Use of the Grouping element is best explained by means of an example. Imagine running the retrieval statement
SELECT * FROM CUSTOMER
on your CUSTOMER table and further imagine that you have a very healthy customer base, so your CUSTOMER table contains 750.000 rows. You would invariably come down with OutOfMemoryExceptions during the crawling run, as the JDBC-Resultset does not release the resources for retrieved data rows. After calling
resultSet.next()
a few hundred thousand times an OutOfMemoryException is more or less inevitable.

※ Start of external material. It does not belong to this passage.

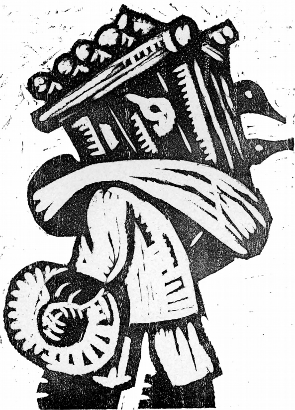
RABADO EN MADERA E JEAN CHARLOT

Grouping to the rescue! The grouping element enables you to break down your query results into blocks of custom size (specified by the Stepping value) which can be retrieved sequentially while releasing the resultset's resources after each block. You have to be sure to provide a SELECT statement in the SQL element of Grouping which returns a sorted list of key values by which the results can be grouped. This could be the primary key of the table for instance or any other suitable discriminator. The stepping value is used by the crawler in turn to form groups of the specified size from the keys.

If the statement
 SELECT primaryKey FROM CUSTOMER ORDER BY primaryKey ASC
returned for example the following values:
{1, 2, 4, 5, 6, 8, 12, 13, 21, 34, 56, 67}

a stepping value of 5 would result in the creation of the following groups:

{1, 2, 4, 5, 6}
{8, 12, 13, 21, 34} and
{56, 67}

whereas with a stepping value of 9 the following groups would have been formed:

{1, 2, 4, 5, 6, 8, 12, 13, 21} and
{34, 56, 67}

You also have to apply a slight modification to your original retrieval SQL statement (the one directly descending the Selections element) in order for the grouping feature to do its magic:

SELECT * FROM CUSTOMER WHERE primaryKey BETWEEN %min01 AND %max01

The crawler will replace the %min01 and %max01 tokens with the respective minimum and maximum values of each of the formed groups thus creating the following three SQL statements for data retrieval (assuming a stepping value of 5 was used:

SELECT * FROM CUSTOMER WHERE primaryKey BETWEEN 1 AND 6
SELECT * FROM CUSTOMER WHERE primaryKey BETWEEN 8 AND 34
SELECT * FROM CUSTOMER WHERE primaryKey BETWEEN 56 AND 67

which will subsequently be submitted sequentially to the database.